Medigap premiums vary considerably by age, gender, tobacco use, and geography — and by how the insurer prices its policies. Community-rated plans charge the same premium regardless of age. Issue-age-rated plans set your premium based on how old you are when you enroll and don't increase solely due to aging. Attained-age-rated plans start lower but increase as you get older and tend to become the most expensive over time. Shopping carefully at the time of enrollment matters enormously because, outside of guaranteed issue windows, insurers in most states can use medical underwriting to deny coverage or charge higher premiums based on your health history. The best time to enroll in Medigap is during your six-month Medigap Open Enrollment Period, which begins the month you turn 65 and are enrolled in Part B. During this window, no insurer can turn you away or charge you more due to pre-existing conditions.

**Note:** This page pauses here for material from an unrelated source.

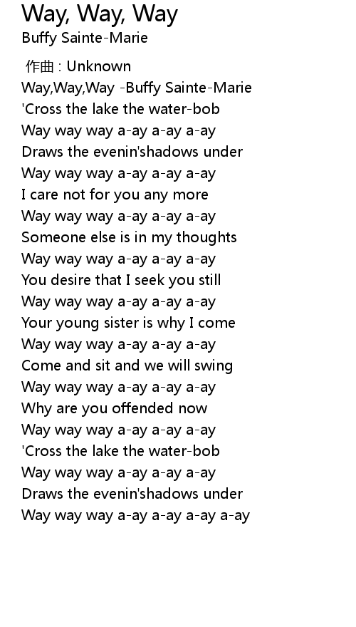 | [00:00.56] | Way,Way,Way -Buffy Sainte-Marie |

If you're already past that initial window and want to switch Medigap plans, your options depend heavily on where you live. Thirteen states — including California, New York, Oregon, Illinois, and Florida does not have one — have enacted birthday rules or other guaranteed issue protections that give you a window each year to switch to an equal or lesser Medigap plan without medical underwriting. In states without these protections, switching plans after your initial enrollment period typically requires passing medical underwriting, which means a serious diagnosis like diabetes, heart disease, or cancer could make it difficult or impossible to change plans. Knowing your state's rules before you need to use them is essential planning.

The bottom line for 2026: Original Medicare's cost-sharing structure leaves real financial gaps, and those gaps don't shrink as you age — they tend to grow alongside your healthcare utilization. The Part A deductible, uncapped Part B coinsurance, and potential IRMAA surcharges represent predictable risks that Medigap was specifically designed to address. The new Part D drug cap is a genuine win for beneficiaries with high drug costs. Reviewing your total Medicare cost picture annually — not just your drug plan during the Annual Enrollment Period from October 15 through December 7 — gives you the best chance of keeping healthcare costs from derailing your retirement finances.